JIT/Kanban systems traditionally opposed the modified models of the Economic Order Quantity (EOQ) and usually have a better perform than the variations of EOQ (Kuo, 2005), since it avoids the trade-off between setup cost and stock cost. One attempt to use the EOQ in JIT/Kanban, where the production rate is a variable of EOQ, is presented in Goyal and Gopalakrishnan (1993), while in Jamal and Sarker (1993) the authors propose a model to determine the optimal lot size in a JIT/Kanban system, in order to deliver a fixed number of finished products. Another metric used to determine the optimal lot size and the total costs in JIT/Kanban is presented in Vörös and Rappai (2016), and it is later used to determine the optimal demand to maximize the profit. One recent application of EOQ for JIT/Kanban systems, without zero setups and zero stocks, is presented in Chiarini (2017). In that paper, the author would be able to adapt the EOQ if the lot size had smaller than the daily demanded; however, the proposed adaptation, reducing the lot size, results in more frequent setups, which increase the production cost for unbalanced stations. In Moily (2015), the authors proposed the Economic Manufacturing Quantity (EMO) by incorporating the principles of EOQ, JIT and Optimized Production Technology (OPT).

Perhaps the easiest approach to lot sizing is Lot-for-Lot (LFL), which simply requests the exact amount required for each time period. This approach is not cost effective when fixed replenishment costs (setup costs) are significant, because an order will have to be made for each time period (Silver et al., 1998).

When there is no variability in demand, the Harris’s EOQ method establishes the ideal size of the replenishment quantity (Harris, 1913). In general, there is variability in demand, in which case the results of the EOQ method are far from the desired, i.e. the optimum lot size strategy or the strategy that minimizes the production, inventory and setup costs. Therefore, there are two options, using heuristic or exact methods.

Heuristic methods are simple, but quite effective. Some of them present results very close to the optimal ones. The problem with heuristic techniques is the lack of information on the quality of the solutions; therefore, studies that compare the results of several heuristics to evaluate the quality of each technique are necessary.

Exact methods present the optimal result, but often fail to do so in a timely manner and may consume too many computational resources.

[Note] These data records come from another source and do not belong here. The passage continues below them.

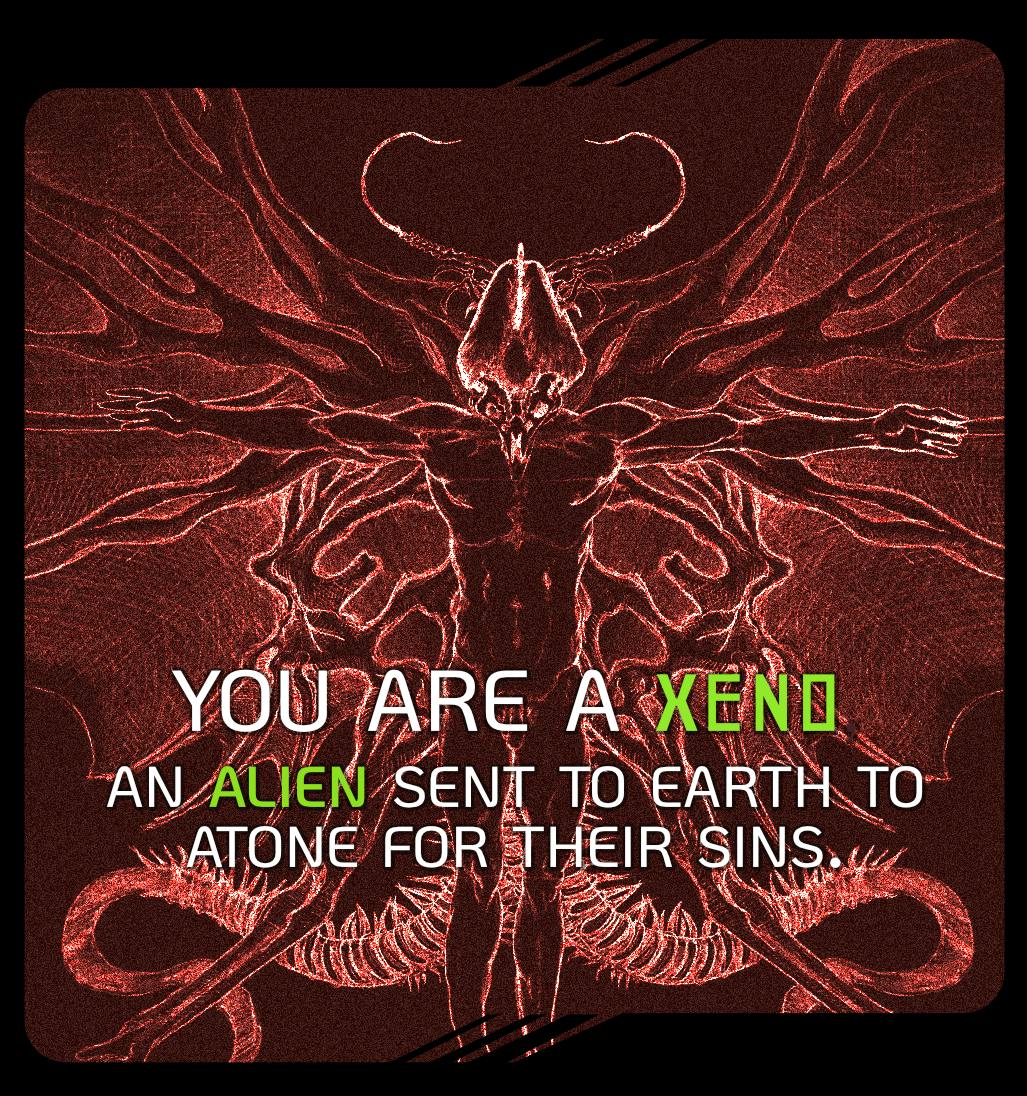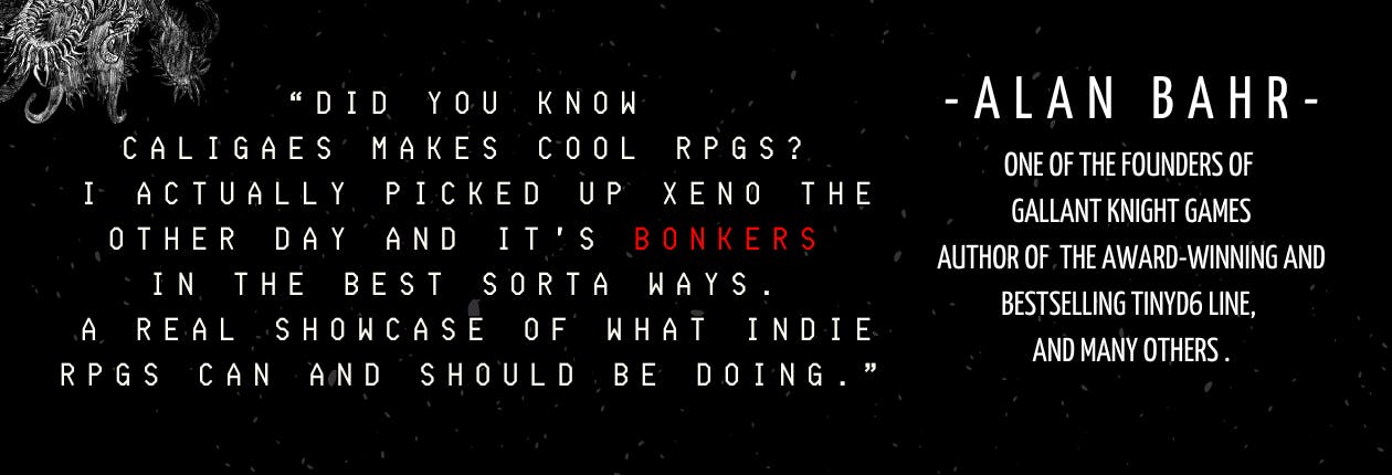 Caligaes' XENO is a minimalist TTRPG in which players take on the role of a terrifying alien creature sent to Earth to atone for their sins.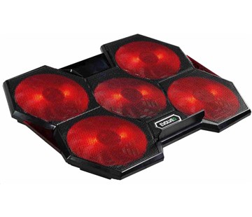 •Rozměry:410*293*30mm•Ventilátory:5x140mm•Materiál:plast a kov•Jmenovité napětí:DC 5V •Proud:0,75A•Regulace rychlosti otáček•Kompatibilní s notebooky 11-17,3•Hlučnost: 20dBA•konektory na zadní části: 2 x USB 2.0•Doporučené napájecí USB 3.0•kabel 65cm USB 2.0 - USB 2.0•Výkon: 3,75W•Hmotnost: 1015 g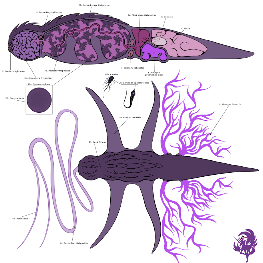 There are no females, only males that uses a complex process to multiply. The internal structure is almost the same as Varen's again. Thought quite smaller. The two kinds of Gametes(13.) generated in these are quite special.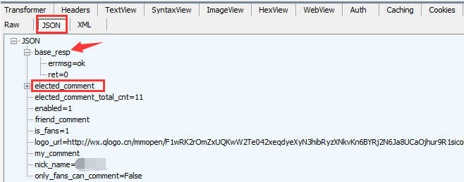base_resp是返回状态情况,elected_comment才是评论的信息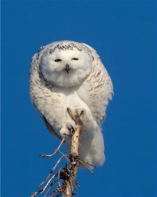 This winter of 2010 image, was made shortly after sunrise and is of a Snowy Owl. She was having a good time fluffing and preening. The second shot was made an hour or so later.

Unlike complex algorithms, heuristics are simple and efficient techniques that can present acceptable results without intensive consumption of computational resources (calculation time).

In Karimi et al. (2003), the authors present an overview of exact and heuristic methods to approach the Capacitated Lot-sizing Problem (CLSP), Multi-Level Lot-sizing Problems without Resource Constraints (MLUR), and Multi-Level Lot-sizing Problems with Resource Constraints (MLCR), and the conclusion is that heuristic approaches are preferable. Meta-heuristics, such as SA (Simulated Annealing) or TS (Tabu Search), are also proposed as effective and efficient techniques to approach similar NP-hard problems. In Al-Salamah (2018), the author proposes a model to determine the optimal lot size of items of imperfect quality. Later he solved the model with ABC (Artificial Bee Colony), which has been shown to be an efficient meta-heuristic (Santos et al., 2016). Andriolo et al. (2014), examine the evolution of the lot size methods, from Harris’s EOQ to most of the state of the art lot-sizing techniques. In that paper, the authors also outline the future of lot-sizing models, which should take into consideration the social and environmental sustainability in the inventory management, as well as focus on closed-loop supply chains. Glock et al. (2014), reviewed the latest advances in lot-sizing techniques. First, the authors developed a classification scheme for lot-sizing models and then evaluated the extensions to Harris’s EOQ, such as lot-sizing models that consider scheduling issues, models that consider incentive systems and models that consider productivity issues. In that paper, the authors also demonstrated the popularity of the topic, with an increase in the number of the peer-reviewed papers published, predominantly in the last decade. Lastly, the authors presented several recommendations regarding future research about lot-sizing techniques and models. One variation of the single-item lot size problem, the Energy-Lot Size Problem (Energy-LSP), where it is necessary to decide which resources to use and how much to produce when machines have a limit in terms of how much energy can be consumed, is presented in Rapine et al. (2018).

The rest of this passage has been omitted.